Waterfowl continued to be a major focus of Gary’s research throughout most of his career. Among major topics addressed in waterfowl studies were nutritional requirements of breeding waterfowl, role of nutrient reserves on reproduction, role of staging areas in life cycles of waterfowl, wetland habitat requirements of breeding waterfowl and their broods, annual recruitment rates and causes of duckling mortality in prairie-nesting ducks, and factors regulating timing of termination of breeding in temperate- nesting waterfowl. He has authored 100+ scientific papers and several chapters in books on waterfowl and cranes.

Dr. Krapu began studies of sandhill cranes in the Central Platte River Valley of Nebraska in 1977 and in following decades expanded his research to other parts of the species’ range.
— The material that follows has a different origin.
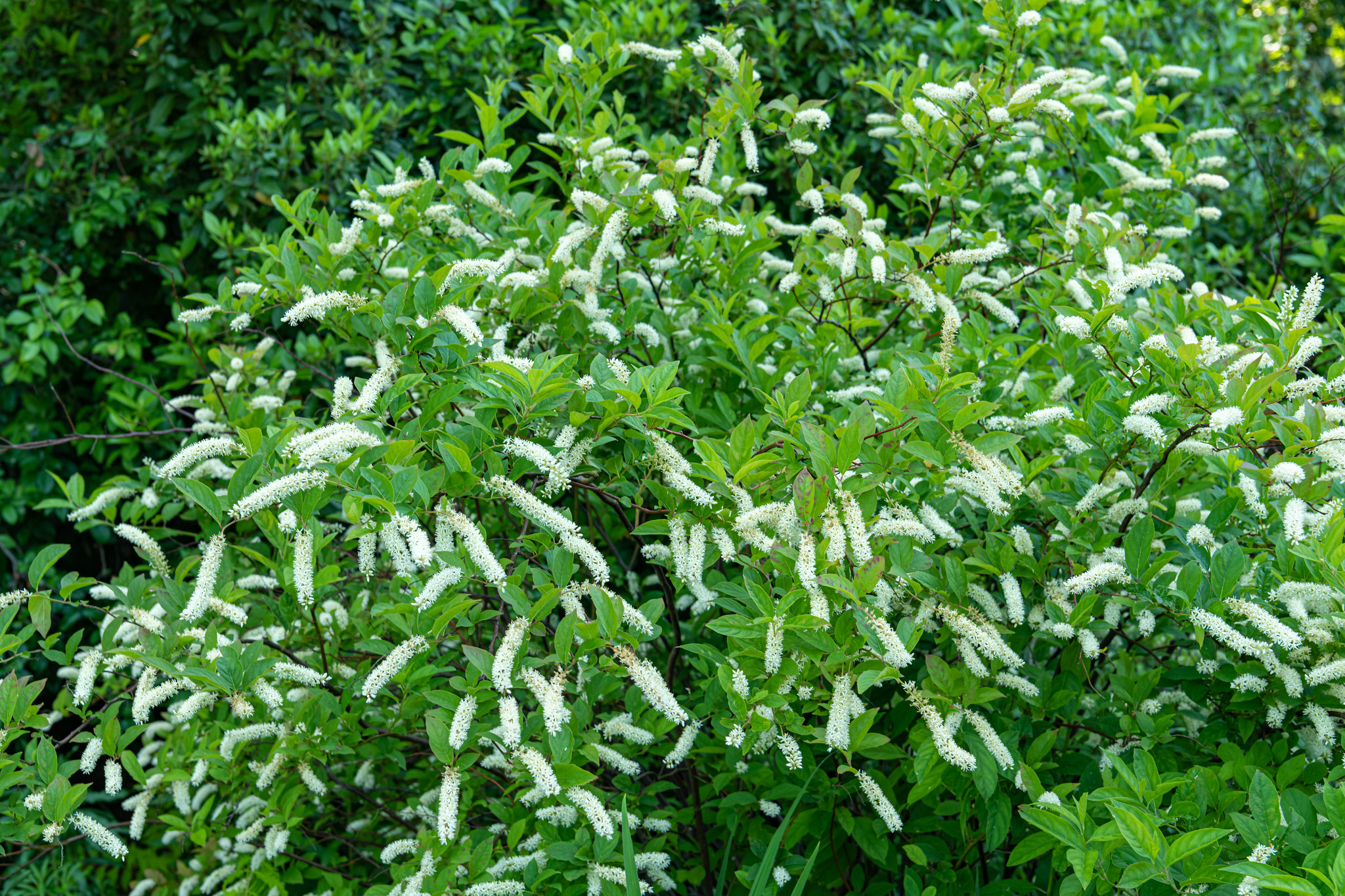Also known as the Virginia sweetspire, this deciduous shrub produces white drooping flowers. The leaves turn red in the fall which adds a seasonal touch to your garden. It prefers moist, acidic soils, but can also survive in areas with poor drainage.

The 30+ peer-reviewed scientific papers he has authored on sandhill cranes include two Wildlife Monographs, the first entitled Geographic Distribution of the Mid-continent Population of Sandhill Cranes and Related Management Applications published in 2011. This monograph focused, in part, on defining the geographic distribution of 4 subpopulations of MCP during fall migration and winter to provide crane managers with increased insight into the sources of cranes being harvested. A second Wildlife Monograph entitled Spring Staging Ecology of the Mid-continent Sandhill Crane Population with an Emphasis on the Platte River Valley, Nebraska was published in 2014 and examines the role of spring staging areas to the MCP. A third monograph in preparation focuses primarily on the estimated 23% or 140,000 cranes of the MCP that breed in Russia. Gary has received several awards for his work including the Meritorious Service

Award from the U.S. Department of Interior, elected a Fellow in the American Ornithologists’ Union, recipient of the Ducks Unlimited International Wetland Conservation Achievement Award, and the L. H. Walkinshaw Award of the North American Crane Working Group. These awards were received primarily in recognition of his contributions toward guiding the direction of waterfowl and sandhill crane research, conservation and management in North America over the past several decades.

Gary served on committees of several graduate students and participated in numerous collaborative research efforts with other scientists including biologists from other nations while seeking information needed to help guide conservation and management of cranes and waterfowl. He served as the biological expert witness for the U.S. Government in court cases where the designation of critical habitat for whooping cranes in the Platte River ecosystem was challenged and where planned federal water projects threatened habitat important to migratory water birds breeding in the Prairie Pothole Region.